Student Life
One of the most popular features of the Honors Program is Hopkins House, where students can rest and relax, as well as do homework away from dorm distractions and gather together in small study groups. Hopkins has a warm living room, kitchen and the director's office on the first floor an electronic seminar room and two study rooms with computers on the second floor, and a study room area with two more computers on the third floor. The third floor also has an entertainment center. Altogether, Hopkins has five computers available to students all equipped with high-speed internet access through the Gonzaga network as well as access to a network printer, a copier, a scanner and fax machine in the common area on the ground floor. Hopkins is also wireless for students with laptops to link up to the University network or the internet. Hopkins facilities are accessible 24 hours a day, 7 days a week.

Students particularly value the small face-to-face quality of honors classes. With twenty entering students each year,everyone gets to know everyone in their class and most everyone else in the entire program. To that end the Honors Program also sponsors a number of social gatherings and weekend outings. This begins with a weekend getaway in early September to begin to know one another, followed by seasonal parties, and a second weekend getaway in the spring.
The Honors Program also cultivates a sense of civic responsibility and service to those less fortunate. Honors students have traditionally been very involved in wider student life, particularly in theater, choir, music ensembles and the student newspaper. Some honors students have also played important roles in retreat programs through University Ministry and in freshman orientation through the Department of Student Life. All honors students are expected to have some involvement in the wider University.

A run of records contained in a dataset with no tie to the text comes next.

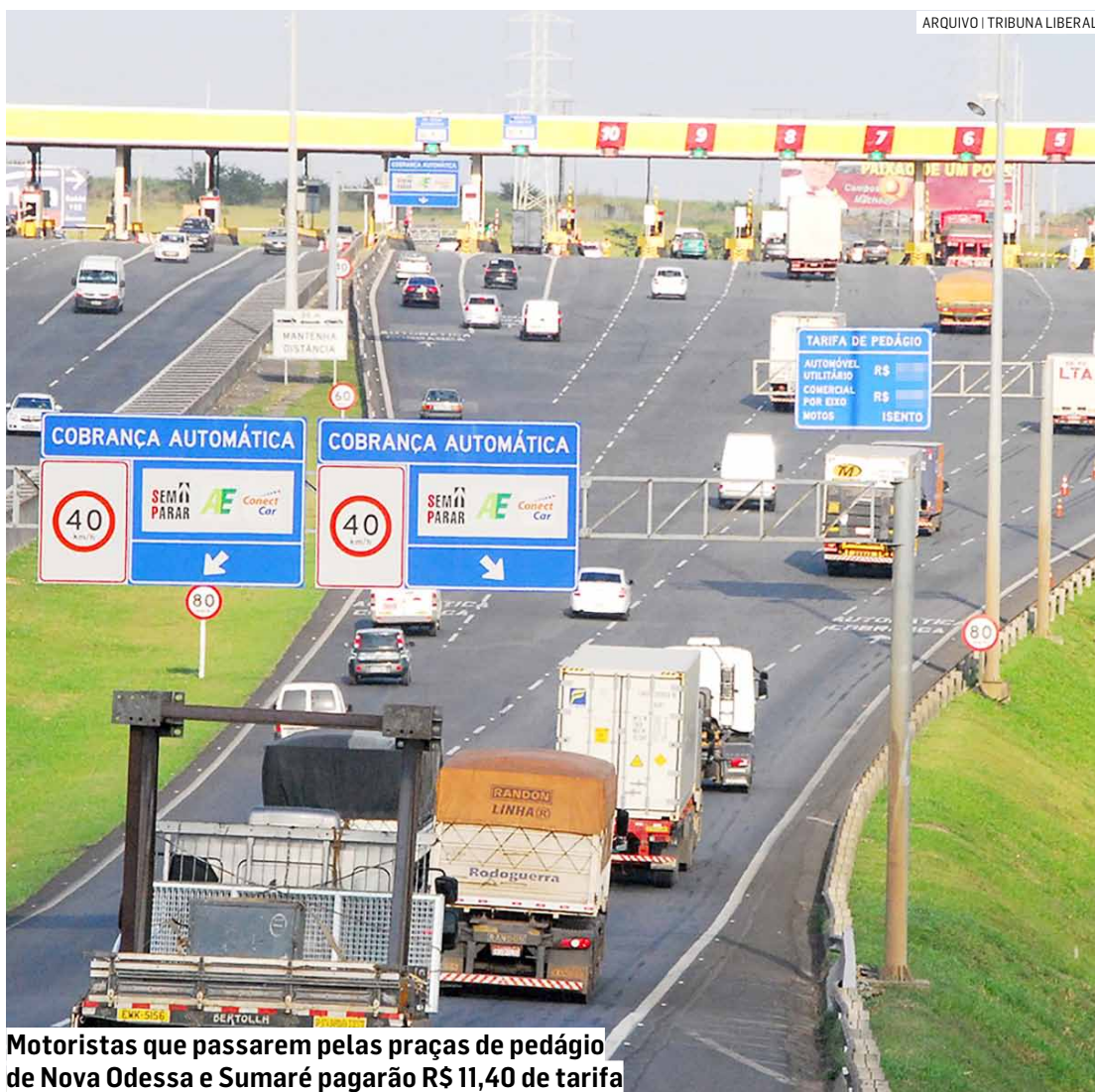
Motoristas que passarem pelas praças de pedágio de Nova Odessa e Sumaré pagarão R$ 11,40 de tarifa

Foi publicada no Diário Oficial do Estado, na quinta-feira (27), a tabela com os novos valores de reajuste anual das tarifas de pe-
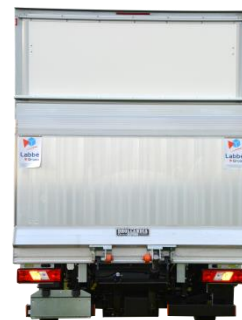
Fermeture par un auvent relevable arrière et hayon élévateur
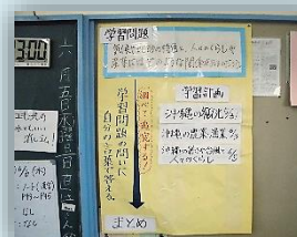
学習計画を立てる
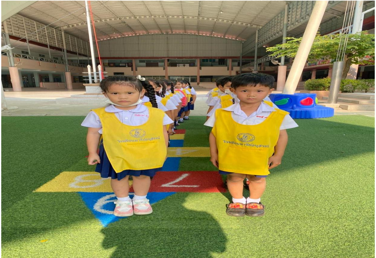
จัดระเบียบแถวฝึกความมีวินัยในตนเอง
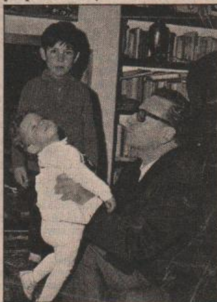
Le gustaba disfrutar a su familia. Aquí con dos de sus nietos.

Gran conversador, tenía el encanto que lo hacía atractivo a las mujeres, especialmente porque Allende siempre tenía la palabra justa para que todas —jóvenes o mayorcitas— se sintieran en las nubes. "No se trata de que fuera el piropero común y corriente. El era ele-
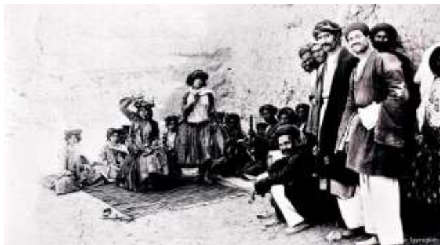
رقاصان و نوازندگان کرد در زمان قاجار
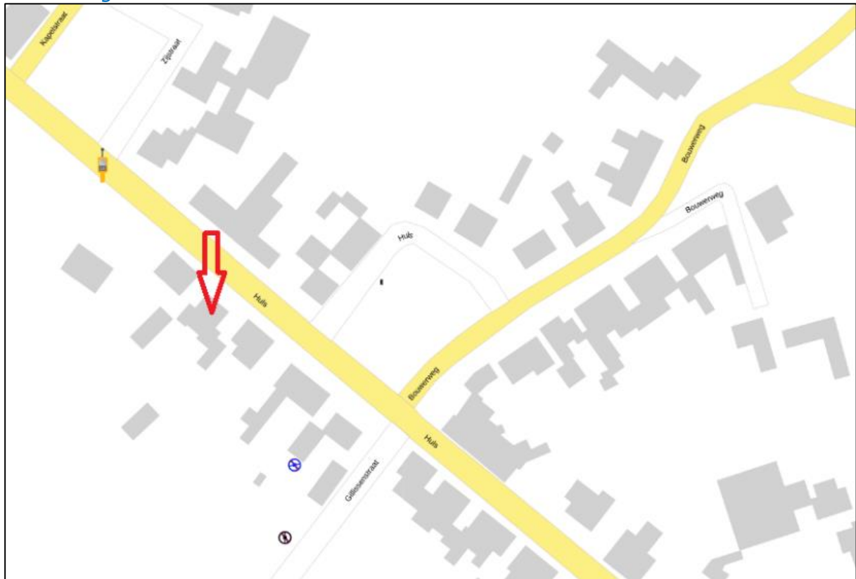
Figuur 1: Weergave van het Antenneregister

Bovenstaande afbeelding (figuur 1) is de weergave van het Antenneregister van de omgeving waar de EMV-meting heeft plaatsgevonden. In de weergave van het Antenneregister zijn een aantal gekleurde cirkels zichtbaar. Deze cirkels geven de opstelplaatsen van de verschillende antenne-installaties weer. Op de locatie met de zwarte, blauwe, bordeaux rode en paarse cirkels is 2G, 3G, 4G en 5G in gebruik. De rode cirkels zijn vaste verbindingen, ook wel point-to-point verbindingen genoemd. De signalen van vaste verbindingen zijn niet meegenomen in de metingen, omdat deze niet voorkomen op meetlocaties op de grond. Daarnaast worden de frequenties die vaste verbindingen gebruiken met andere meetapparatuur gemeten.
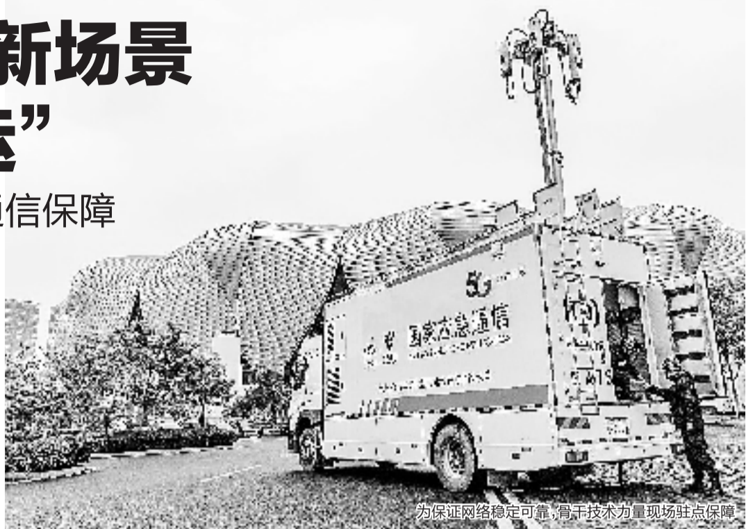
为保证网络稳定可靠,骨干技术力量现场驻点保障
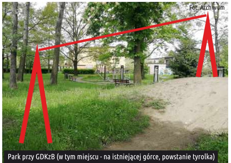
Park przy GDKzB (w tym miejscu - na istniejącej górze, powstanie tyrolka)

Dowiedz się więcej na... www.gmina.ksawerow.com
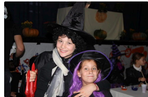
des sorcières ravies

While most all honors students go on to pursue advanced degrees, a substantial number of students end up deciding to enter the Jesuit Volunteer Corps (J.V.C.) and other service programs before heading off to graduate school. Honors students graduate with BA, Honors or BS, Honors.
Faculty and Students
Gonzaga University Honors students cut across all ideological, geographic, socioeconomic, and ethnic lines. The Program prides itself in its diversity of perspectives and personalities. It includes students from private and public high schools who major in a wide variety of disciplines. Program graduates are regularly placed in highly competitive graduate and professional programs throughout the country.
The Director of the Honors Program is Fr. Tim Clancy, S.J., Assistant Professor of Philosophy. He specializes in hermeneutics, communitarian political philosophy, and 19th century romanticism and idealism. Honors faculty members are a selectively rotated cross-section of Gonzaga's most experienced professors. These professors' profiles and personalities are as diverse as the students', providing a strong balance between classical and progressive teaching methodologies.